Filozofia
- Discipline: Philosophy
- Language: English, Slovak, Czech
- Edited by: Jon Stewart

Publication details
- Publisher: Institute of Philosophy, Slovak Academy of Sciences (Slovakia)
- Frequency: Monthly

Standard abbreviations
- ISO 4: Filozofia

Indexing
- ISSN: 0046-385X
- OCLC no.: 643882854

Links
- Journal homepage;

= Filozofia =

Filozofia is an academic journal of philosophy published by the Slovak Academy of Sciences. It publishes articles in Slovak, Czech, and English. The journal's scope includes metaphysics, epistemology, history of philosophy, social philosophy, philosophy of mind, ethics, philosophy of religion, and related disciplines. The journal publishes 6 issues a year (February, April, May, September, October, December).
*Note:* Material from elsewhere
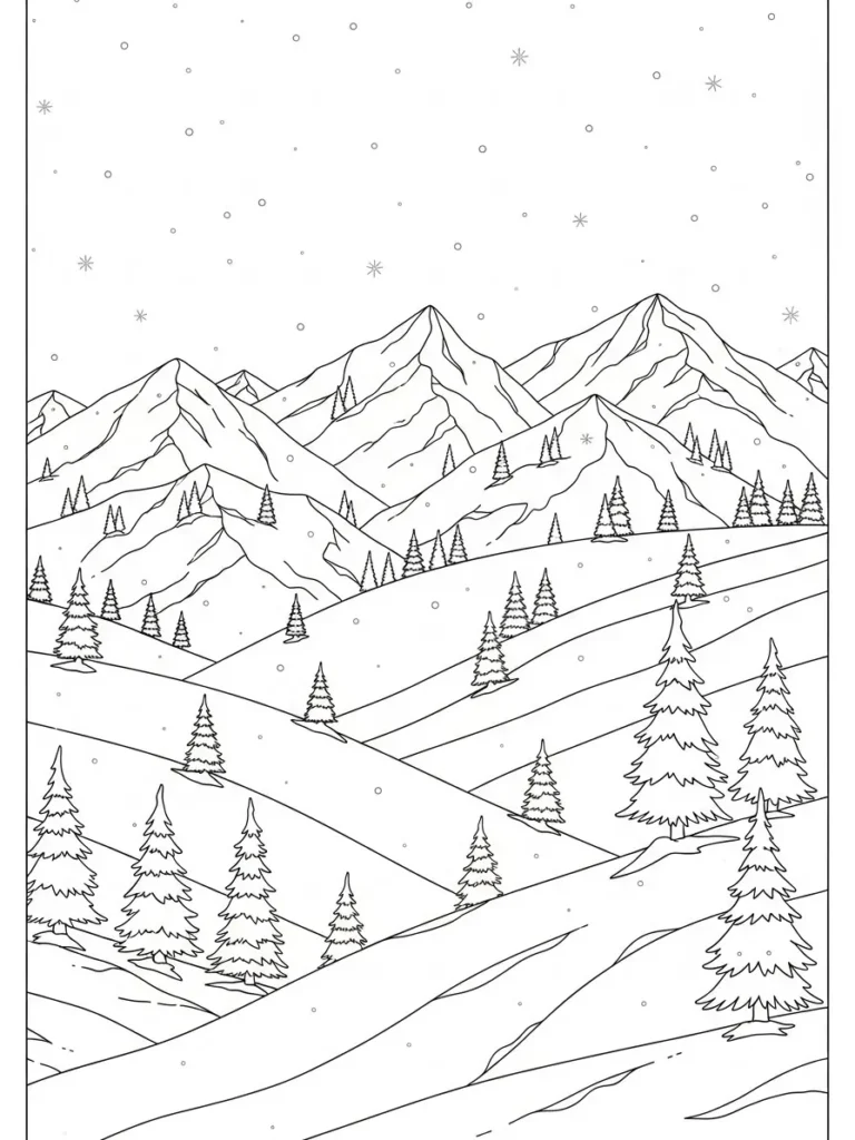 I love coloring pages like this when I want something relaxing that does not feel rushed. Coloring each hill and tree feels slow in the best way, almost like walking through the scene at my own pace. If you’re into soft winter palettes or subtle shading, this one gives you so much freedom to play. Every time I color a snowy landscape like this, it feels like a quiet reset that leaves my mind lighter than before.

The editor-in-chief is Jon Stewart.

Articles appearing in Filozofia are indexed in Current Contents®/Arts & Humanities; Web of Science Core Collection (Arts & Humanities Citation Index); SCOPUS; Dietrichs Index Philosophicus; International Bibliography of Periodical Literature on the Humanities and Social Sciences; IBZ – Online (www.gbv.de); IBR – International Bibliography of Book Reviews of Scholarly Literature on the Humanities and Social Sciences; IBR – Online (www.gbv.de); CEJSH (The Central European Journal of Social Sciences and Humanities); EBSCO; Philosopher’s Index; ERIH PLUS; Sherpa Romeo.
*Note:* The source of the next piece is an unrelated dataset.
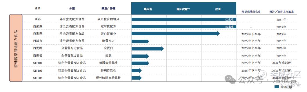 就特医食品产品线而言,截至最后实际可行日期,公司已推出两款非全营养配方食品产品,且管线中有七款候选产品,包括三款特定全营养配方食品(即特医食品产品线近期的重点)。

The texts published in the journal Filozofia are included in the Slovak National Corpus - a comprehensive database of linguistic data intended for lexicographic, grammatical and stylistic research of the Slovak language. The Slovak National Corpus is administered and scientifically processed by the Ľudovít Štúr Institute of Linguistics SAS, v.v.i.